Electrophysiology testing includes a set of tests which can be used to provide information about the visual system beyond the standard clinical examination of the eye. Electroretinography (ERG) and Electro-oculography (EOG) are two of the tests that can be conducted by using the Retimax ocular electrophysiology systems from CSO.

The primary objective of the electrophysiologic examination is to assess the function of the visual pathway from the photoreceptors of the retina to the visual cortex of the brain.
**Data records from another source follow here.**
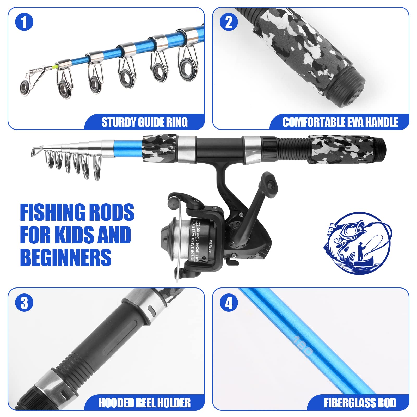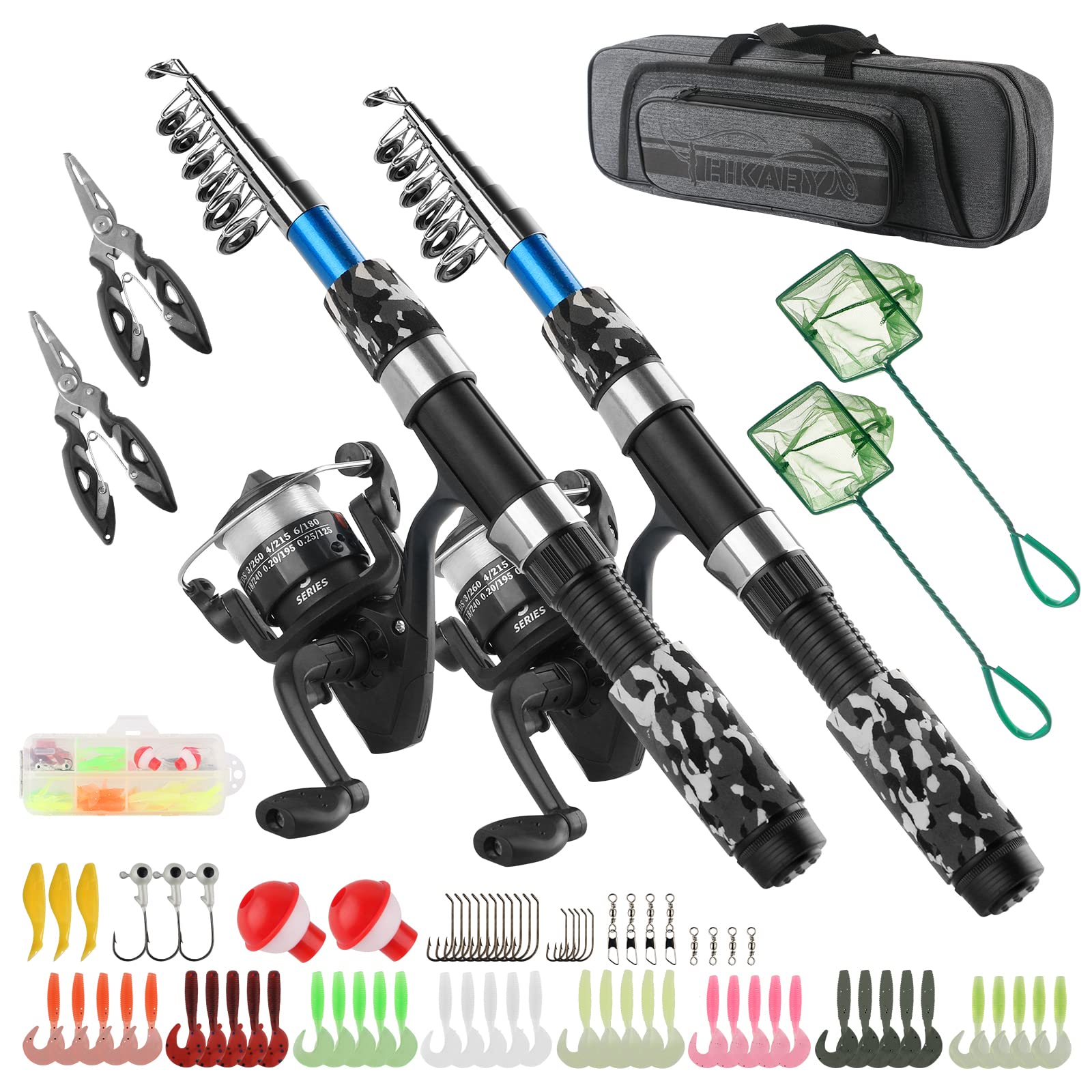 Details: Full kIt includes 2PCS 1.7m/5.6ft Telescopic Fishing Pole + 2 Fishing Reel with Line + 2PCS Mini Fishing Nets+Fishing Lures Baits + 2PCS fishing pliers+1 Carrier Bag.
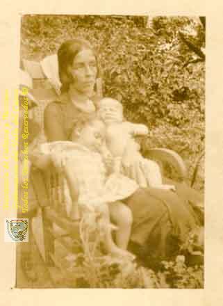Ismaelina de Victoria Valderruten con sus hijos Hernán y Stelia Victoria, en el patio de su casa
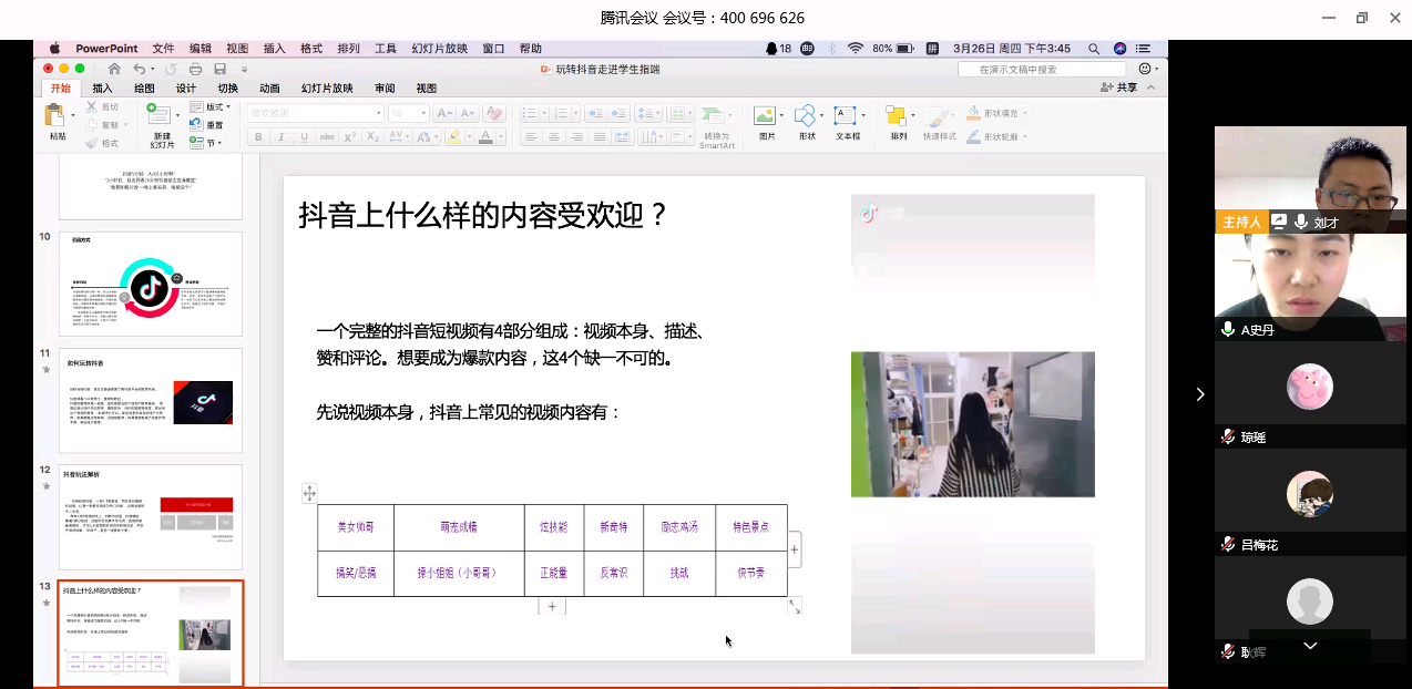 本网讯(通讯员 肖亚慧)3月26日下午3点,药学院辅导员刘才,通过腾讯会议为药学院全体政工干部,开讲了主题为《玩转抖音走进学生指端》药学院新学期自主培训的第一课。
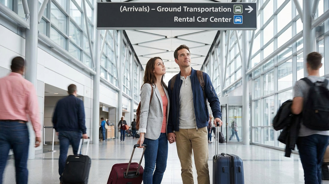 - Follow “Rental Car / Ground Transportation” signs from baggage claim exits.
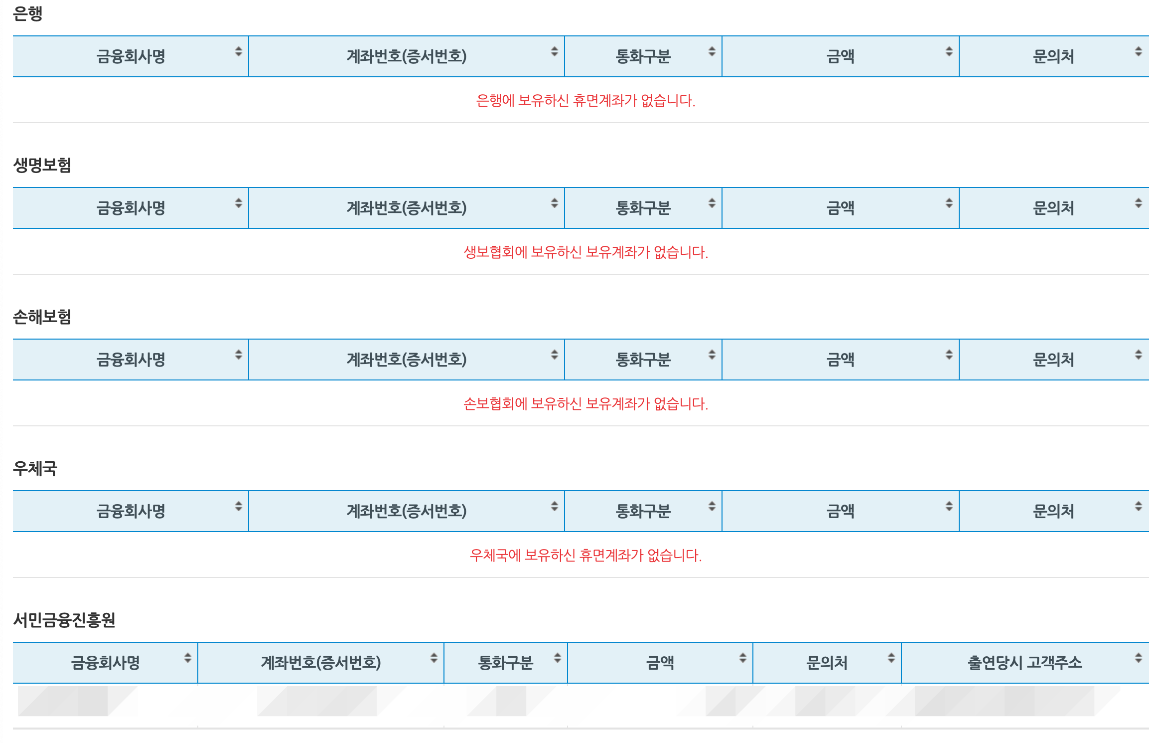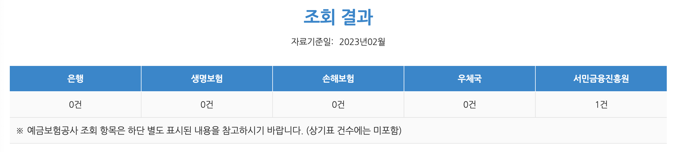 아래와 같은 조회결과를 볼 수 있습니다. 저의 경우 은행, 생명보험, 손해보험, 우체국은 0건. 서민금융진흥원에서 1건이 발견됐습니다.
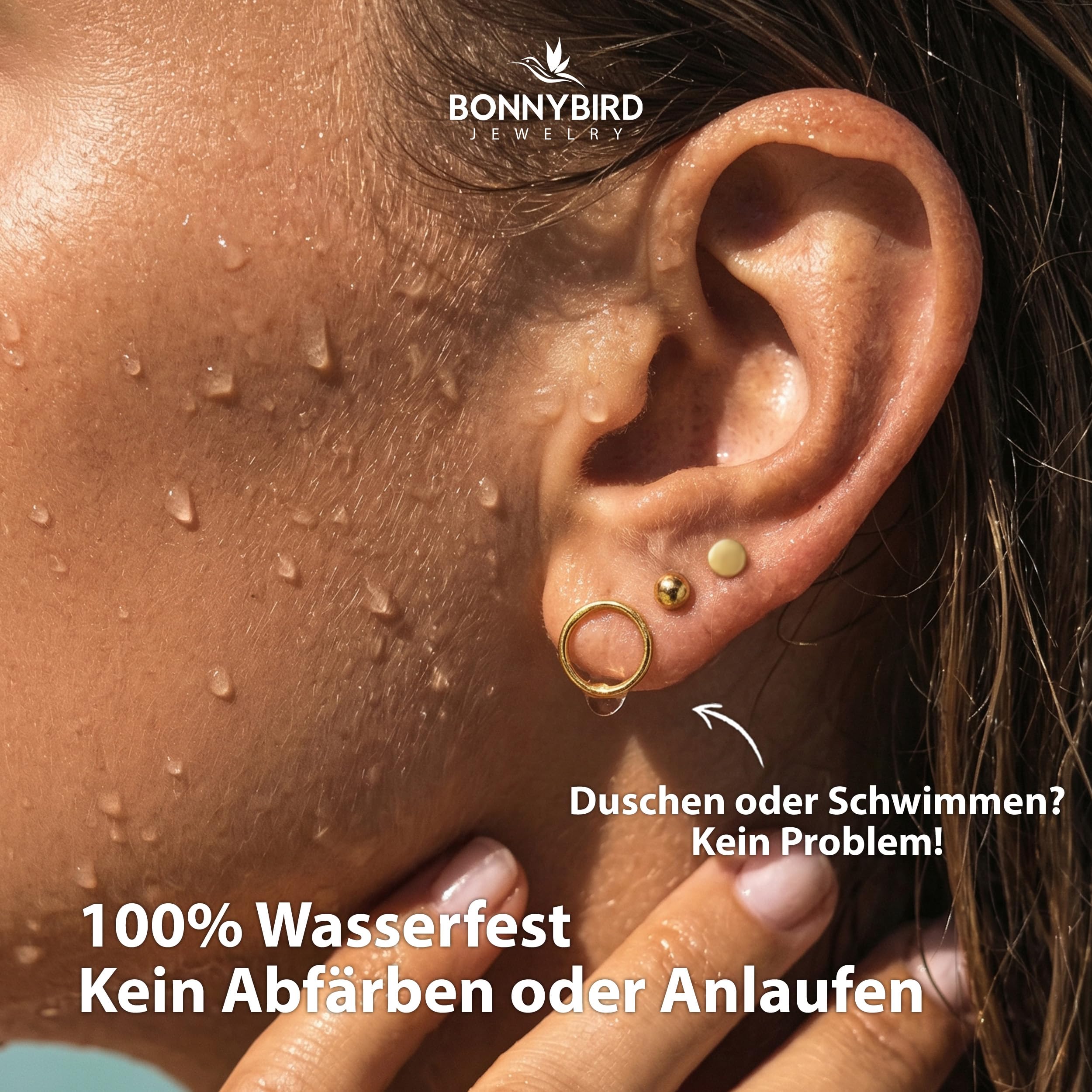 BONNYBIRD® Wasserfeste Edelstahl Ohrringe Damen in Silber, Gold & Roségold, Hypoallergen dank medizinischem Chirurgenstahl, Extra Leicht

Information obtained from these diagnostic tests helps establish the correct diagnosis or may rule out related ophthalmic diseases.

Electrophysiologic testing is useful in diagnosing a variety of inherited retinal and optic nerve diseases, toxic drug exposure, inflammatory conditions, intraocular foreign bodies, and retinal vascular occlusions.

Full Field Electroretinography (ERG) is a test used to detect abnormal function in the retina (the light-detecting portion of the eye). Specifically, this test examines the function of the light-sensitive cells of the eye (the photoreceptors), and several other cells that process these light signals before they are sent to the brain. Photoreceptors are specialized nerve cells in the eye that are sensitive to light. There are two types of photoreceptors in the human eye: rods and cones. Cones provide central high-acuity vision used for reading and are also colour vision. There are 6 to 7 million cones in the retina, of which about 650,000 are concentrated in the foveola for central vision. Rods provide vision in dim light. There are about 120 million rods in the retina, of which none are located in the foveola.

During the ERG test, the photoreceptors produce tiny amounts of electricity in response to brief flashes of light. If ophthalmologists know exactly how much light enters the eye, and how much electrical response is generated, they could figure out how well the rods and cones are working. The differences in responses are analysed to differentiate diseases which affect the rods from those which affect the cones or other cells in the retina.

To detect the electrical response of both the rods and the cones, special electrodes are placed on the surface of the eye. There are several types of electrodes; the type of electrode used will depend on the type of test being performed, the age of the patient, and the suspected condition.